In the entries below, which lines run from the one with "지난 1월 제52대 대한축구협회장에" through the one with "Bata as claras"? Repeat exactly those, both included, and no pictures.

== Entries supplied

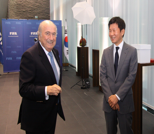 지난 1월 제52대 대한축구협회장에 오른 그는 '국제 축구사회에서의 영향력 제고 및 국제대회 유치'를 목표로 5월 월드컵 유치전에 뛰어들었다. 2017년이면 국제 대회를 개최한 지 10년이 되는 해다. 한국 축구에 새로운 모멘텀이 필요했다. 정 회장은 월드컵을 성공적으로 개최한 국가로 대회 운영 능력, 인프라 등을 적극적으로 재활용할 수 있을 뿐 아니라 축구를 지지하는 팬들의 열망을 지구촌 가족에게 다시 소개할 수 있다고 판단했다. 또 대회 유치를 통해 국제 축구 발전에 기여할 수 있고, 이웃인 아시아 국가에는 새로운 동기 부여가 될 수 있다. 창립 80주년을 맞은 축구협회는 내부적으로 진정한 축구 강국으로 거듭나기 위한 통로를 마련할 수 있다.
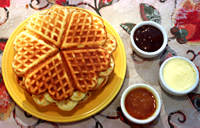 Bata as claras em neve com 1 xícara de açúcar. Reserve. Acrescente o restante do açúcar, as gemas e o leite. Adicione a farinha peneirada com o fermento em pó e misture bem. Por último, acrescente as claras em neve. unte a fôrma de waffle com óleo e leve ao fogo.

====
== Entries supplied

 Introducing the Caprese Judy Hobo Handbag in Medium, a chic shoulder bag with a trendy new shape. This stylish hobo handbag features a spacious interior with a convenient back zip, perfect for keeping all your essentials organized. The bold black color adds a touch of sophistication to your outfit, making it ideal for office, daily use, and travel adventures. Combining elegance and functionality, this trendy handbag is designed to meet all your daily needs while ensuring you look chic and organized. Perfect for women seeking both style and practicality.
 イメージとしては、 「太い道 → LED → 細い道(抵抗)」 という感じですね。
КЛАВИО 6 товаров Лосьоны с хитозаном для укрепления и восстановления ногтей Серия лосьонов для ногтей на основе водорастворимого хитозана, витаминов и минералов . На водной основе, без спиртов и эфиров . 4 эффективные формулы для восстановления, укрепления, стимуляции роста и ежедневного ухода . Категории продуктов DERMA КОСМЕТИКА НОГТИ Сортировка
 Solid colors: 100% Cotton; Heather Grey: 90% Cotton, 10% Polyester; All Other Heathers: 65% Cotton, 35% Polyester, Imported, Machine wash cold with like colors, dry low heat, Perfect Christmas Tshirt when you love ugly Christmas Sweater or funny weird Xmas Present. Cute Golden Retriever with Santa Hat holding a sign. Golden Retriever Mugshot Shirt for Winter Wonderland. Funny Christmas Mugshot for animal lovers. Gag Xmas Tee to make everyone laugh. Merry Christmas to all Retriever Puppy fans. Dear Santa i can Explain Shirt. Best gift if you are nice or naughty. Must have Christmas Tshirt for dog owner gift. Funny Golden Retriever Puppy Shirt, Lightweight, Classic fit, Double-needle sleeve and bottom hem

====

*Answer section:*
 지난 1월 제52대 대한축구협회장에 오른 그는 '국제 축구사회에서의 영향력 제고 및 국제대회 유치'를 목표로 5월 월드컵 유치전에 뛰어들었다. 2017년이면 국제 대회를 개최한 지 10년이 되는 해다. 한국 축구에 새로운 모멘텀이 필요했다. 정 회장은 월드컵을 성공적으로 개최한 국가로 대회 운영 능력, 인프라 등을 적극적으로 재활용할 수 있을 뿐 아니라 축구를 지지하는 팬들의 열망을 지구촌 가족에게 다시 소개할 수 있다고 판단했다. 또 대회 유치를 통해 국제 축구 발전에 기여할 수 있고, 이웃인 아시아 국가에는 새로운 동기 부여가 될 수 있다. 창립 80주년을 맞은 축구협회는 내부적으로 진정한 축구 강국으로 거듭나기 위한 통로를 마련할 수 있다.
 Bata as claras em neve com 1 xícara de açúcar. Reserve. Acrescente o restante do açúcar, as gemas e o leite. Adicione a farinha peneirada com o fermento em pó e misture bem. Por último, acrescente as claras em neve. unte a fôrma de waffle com óleo e leve ao fogo.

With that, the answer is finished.